Terdakwa lainnya, Hadi Cahyono Saputro, juga dituntut selama 3,5 tahun dan denda sebesar Rp 500 juta subsider 5 bulan kurungan penjara. Khusus untuk terdakwa Yanto dituntut 1,5 tahun.
“Yanto hanya sebagai sopir truk, kalau Hadi Cahyono Saputro dan Abdul Jalil sama-sama dituntut 3,5 tahun penjara. Peran keduanya sama,” kata Kasat Intel Kejaksaan, Agus Budiyono.

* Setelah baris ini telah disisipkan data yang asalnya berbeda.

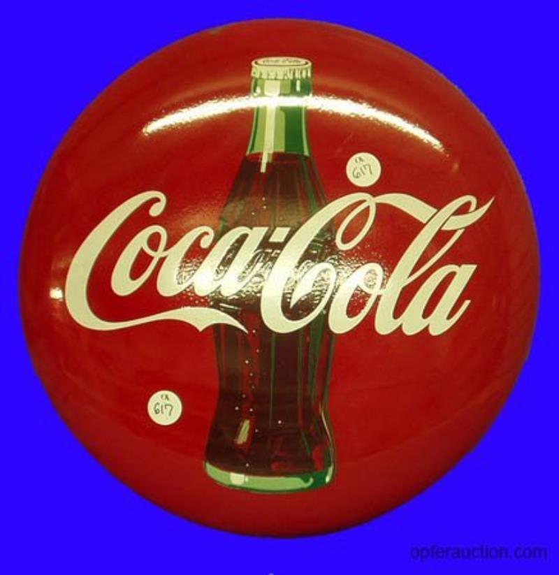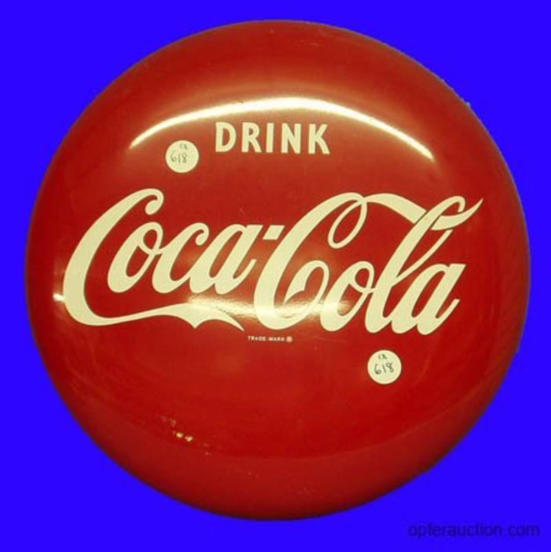 Vintage 1950s 12” Drink Coca Cola Button Soda Pop Advertising Painted Metal

Sekedar tahu, penangkapan Abdul Jalil dan kawan-kawan diawali saat petugas perhutani yang melakukan pengecekan hutan, tepatnya 27 Mei.
Saat itu, petugas perhutani melihat ada tiga pohon sonokeling yang sudah ditebang. Pohon dilindungi itu sudah dipotong-potong dengan ukuran kurang lebih satu meter.
Di lokasi tersebut juga ditemukan sejumlah benda tajam berupa gergaji dan kapak dalam kondisi tertutup terpal.
Di hari tersebut, petugas juga melihat ada kendaraan sepeda motor yang masuk ke gudang milik mantan Kades Kayumas.
Oleh sebab itu, petugas perhutani langsung melakukan penyelidikan dan mengincar keluar masuknya kayu dari rumah mantan Kades.
Satu bulan kemudian, petugas perhutani berhasil mengamankan dua truk bermuatan kayu sonokeling.
Yang mengangkut saat itu adalah dua terdakwa Hadi dan Yanto. Begitu truk dicek ditemukan kayu sonokeling sebanyak 335 gelondong.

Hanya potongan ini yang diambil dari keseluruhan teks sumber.